Your objective: Copy every entry word for word, but skip the pictures.

(Stored items from a collection)
- - -
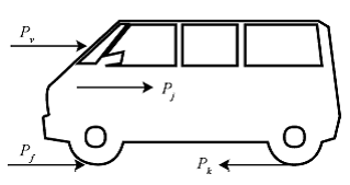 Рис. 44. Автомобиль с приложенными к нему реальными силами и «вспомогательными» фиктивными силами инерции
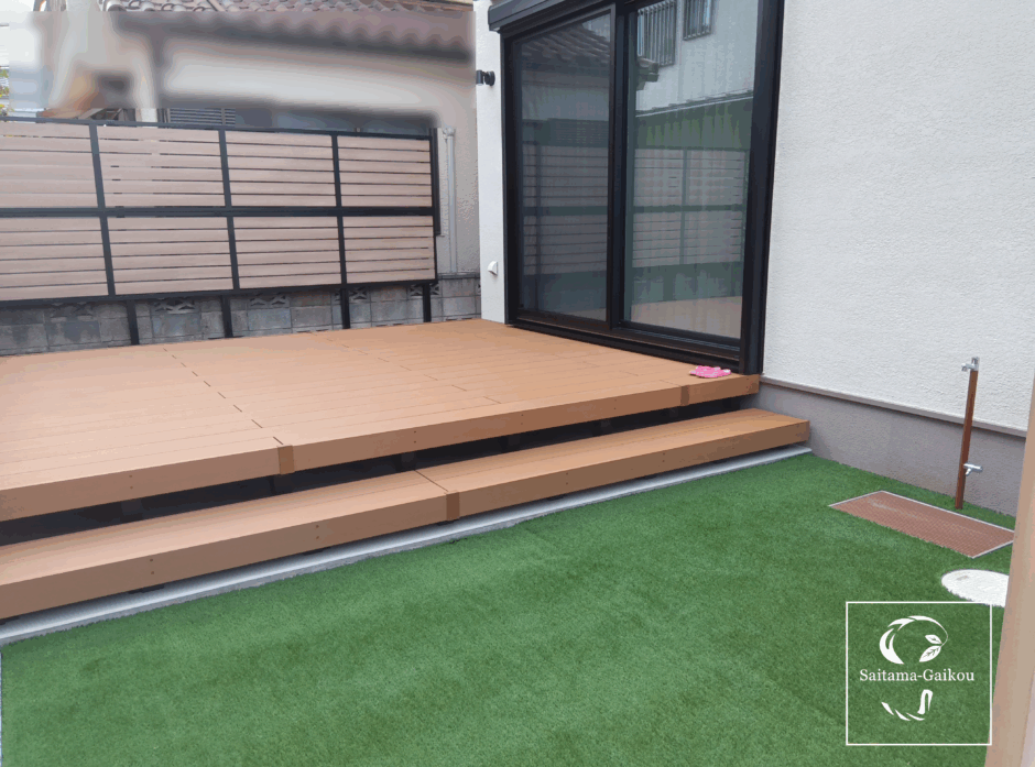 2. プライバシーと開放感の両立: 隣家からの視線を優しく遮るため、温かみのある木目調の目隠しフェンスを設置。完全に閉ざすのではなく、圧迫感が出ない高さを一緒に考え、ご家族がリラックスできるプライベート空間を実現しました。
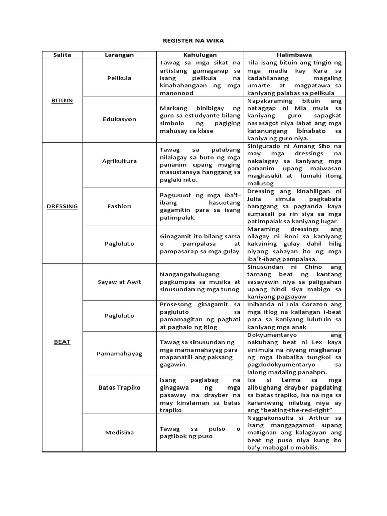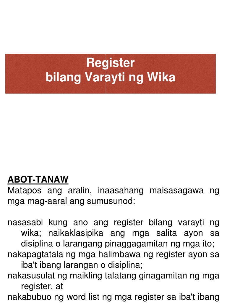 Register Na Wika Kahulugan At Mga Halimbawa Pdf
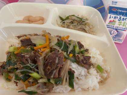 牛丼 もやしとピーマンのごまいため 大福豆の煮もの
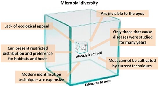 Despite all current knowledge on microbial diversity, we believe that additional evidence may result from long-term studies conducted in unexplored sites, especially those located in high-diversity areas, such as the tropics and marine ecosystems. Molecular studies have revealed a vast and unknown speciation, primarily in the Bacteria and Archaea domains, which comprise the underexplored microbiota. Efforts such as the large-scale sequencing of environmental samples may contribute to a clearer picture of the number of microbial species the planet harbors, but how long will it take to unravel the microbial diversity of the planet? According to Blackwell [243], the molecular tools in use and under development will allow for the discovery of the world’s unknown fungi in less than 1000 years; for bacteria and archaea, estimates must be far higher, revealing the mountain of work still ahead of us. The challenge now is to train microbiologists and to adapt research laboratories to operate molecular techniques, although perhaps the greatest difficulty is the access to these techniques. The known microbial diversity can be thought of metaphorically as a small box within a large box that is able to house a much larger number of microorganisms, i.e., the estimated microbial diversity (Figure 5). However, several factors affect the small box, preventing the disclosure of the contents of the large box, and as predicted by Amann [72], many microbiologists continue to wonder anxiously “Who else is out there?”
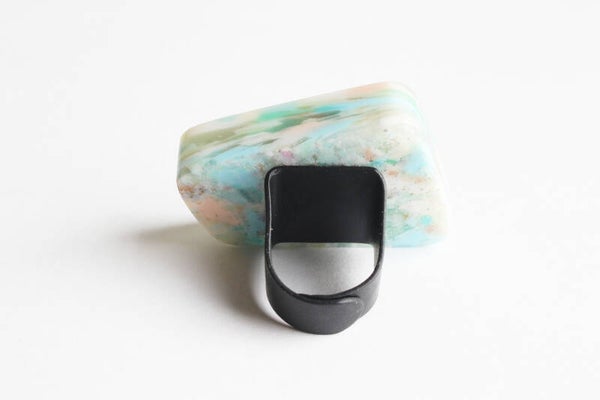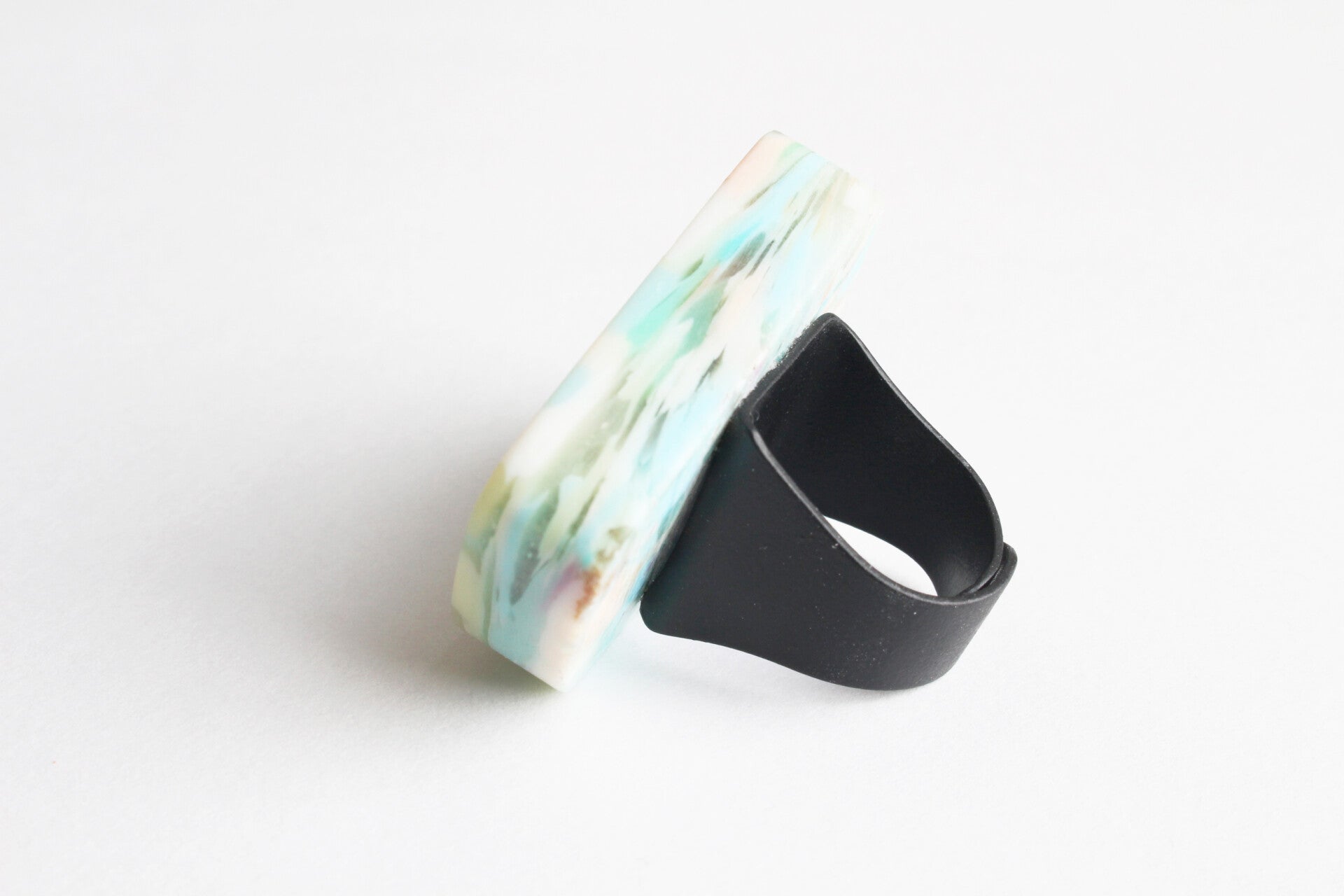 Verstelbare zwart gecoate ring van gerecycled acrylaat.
- - -
Solution to this problem:
 Рис. 44. Автомобиль с приложенными к нему реальными силами и «вспомогательными» фиктивными силами инерции
 2. プライバシーと開放感の両立: 隣家からの視線を優しく遮るため、温かみのある木目調の目隠しフェンスを設置。完全に閉ざすのではなく、圧迫感が出ない高さを一緒に考え、ご家族がリラックスできるプライベート空間を実現しました。
 Register Na Wika Kahulugan At Mga Halimbawa Pdf
 牛丼 もやしとピーマンのごまいため 大福豆の煮もの
 Despite all current knowledge on microbial diversity, we believe that additional evidence may result from long-term studies conducted in unexplored sites, especially those located in high-diversity areas, such as the tropics and marine ecosystems. Molecular studies have revealed a vast and unknown speciation, primarily in the Bacteria and Archaea domains, which comprise the underexplored microbiota. Efforts such as the large-scale sequencing of environmental samples may contribute to a clearer picture of the number of microbial species the planet harbors, but how long will it take to unravel the microbial diversity of the planet? According to Blackwell [243], the molecular tools in use and under development will allow for the discovery of the world’s unknown fungi in less than 1000 years; for bacteria and archaea, estimates must be far higher, revealing the mountain of work still ahead of us. The challenge now is to train microbiologists and to adapt research laboratories to operate molecular techniques, although perhaps the greatest difficulty is the access to these techniques. The known microbial diversity can be thought of metaphorically as a small box within a large box that is able to house a much larger number of microorganisms, i.e., the estimated microbial diversity (Figure 5). However, several factors affect the small box, preventing the disclosure of the contents of the large box, and as predicted by Amann [72], many microbiologists continue to wonder anxiously “Who else is out there?”
 Verstelbare zwart gecoate ring van gerecycled acrylaat.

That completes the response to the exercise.